* What the task requires
Take the listing from its first line through the line that contains "- 웰킵스하이텍 (647원" and please retype those lines exactly, leaving out the pictures.

* Task data
=== Section Start ===

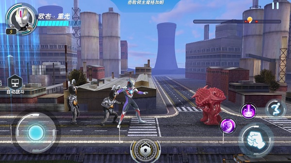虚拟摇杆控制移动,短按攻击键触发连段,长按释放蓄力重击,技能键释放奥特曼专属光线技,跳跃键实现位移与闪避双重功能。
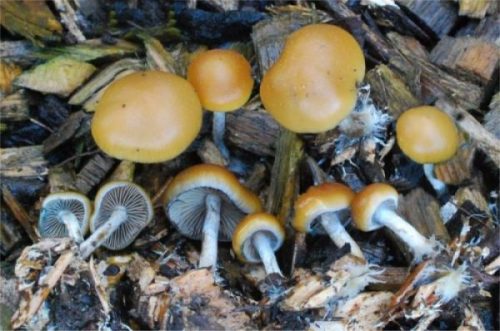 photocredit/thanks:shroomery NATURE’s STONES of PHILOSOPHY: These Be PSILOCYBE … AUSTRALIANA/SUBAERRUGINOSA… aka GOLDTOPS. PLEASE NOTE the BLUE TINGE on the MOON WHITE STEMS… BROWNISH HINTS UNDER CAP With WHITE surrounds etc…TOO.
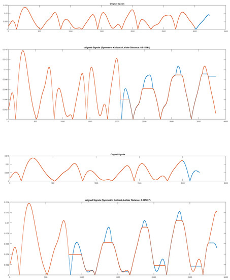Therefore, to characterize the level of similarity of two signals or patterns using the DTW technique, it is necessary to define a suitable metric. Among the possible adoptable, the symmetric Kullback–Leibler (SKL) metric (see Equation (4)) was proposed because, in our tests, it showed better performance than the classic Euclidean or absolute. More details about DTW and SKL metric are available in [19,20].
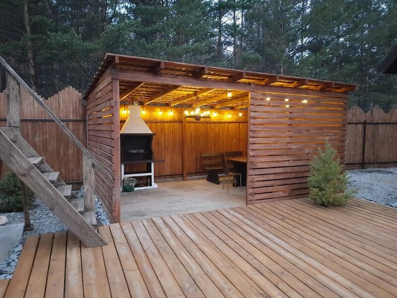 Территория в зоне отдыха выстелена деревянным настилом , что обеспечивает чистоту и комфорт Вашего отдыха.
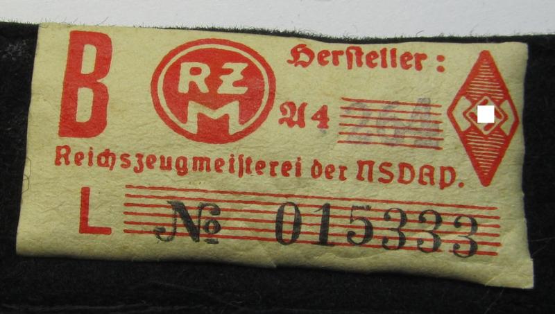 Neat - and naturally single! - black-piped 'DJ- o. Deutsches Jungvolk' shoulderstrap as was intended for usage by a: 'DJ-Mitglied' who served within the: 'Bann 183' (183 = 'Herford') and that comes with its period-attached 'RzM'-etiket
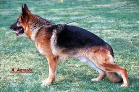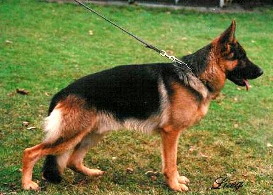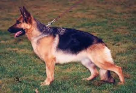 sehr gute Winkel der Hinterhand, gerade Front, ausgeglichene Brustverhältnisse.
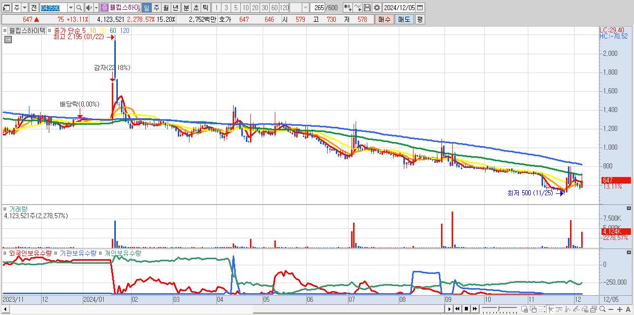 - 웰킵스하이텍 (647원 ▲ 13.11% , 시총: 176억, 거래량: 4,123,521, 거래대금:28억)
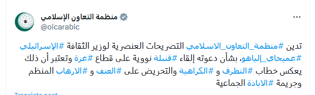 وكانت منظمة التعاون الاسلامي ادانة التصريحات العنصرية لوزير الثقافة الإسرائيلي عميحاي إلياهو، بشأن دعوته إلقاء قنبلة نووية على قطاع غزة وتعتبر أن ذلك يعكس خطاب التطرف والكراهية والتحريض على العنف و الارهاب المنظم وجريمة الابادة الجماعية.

=== Section End ===

* Reply
虚拟摇杆控制移动,短按攻击键触发连段,长按释放蓄力重击,技能键释放奥特曼专属光线技,跳跃键实现位移与闪避双重功能。
 photocredit/thanks:shroomery NATURE’s STONES of PHILOSOPHY: These Be PSILOCYBE … AUSTRALIANA/SUBAERRUGINOSA… aka GOLDTOPS. PLEASE NOTE the BLUE TINGE on the MOON WHITE STEMS… BROWNISH HINTS UNDER CAP With WHITE surrounds etc…TOO.
Therefore, to characterize the level of similarity of two signals or patterns using the DTW technique, it is necessary to define a suitable metric. Among the possible adoptable, the symmetric Kullback–Leibler (SKL) metric (see Equation (4)) was proposed because, in our tests, it showed better performance than the classic Euclidean or absolute. More details about DTW and SKL metric are available in [19,20].
 Территория в зоне отдыха выстелена деревянным настилом , что обеспечивает чистоту и комфорт Вашего отдыха.
 Neat - and naturally single! - black-piped 'DJ- o. Deutsches Jungvolk' shoulderstrap as was intended for usage by a: 'DJ-Mitglied' who served within the: 'Bann 183' (183 = 'Herford') and that comes with its period-attached 'RzM'-etiket
 sehr gute Winkel der Hinterhand, gerade Front, ausgeglichene Brustverhältnisse.
 - 웰킵스하이텍 (647원 ▲ 13.11% , 시총: 176억, 거래량: 4,123,521, 거래대금:28억)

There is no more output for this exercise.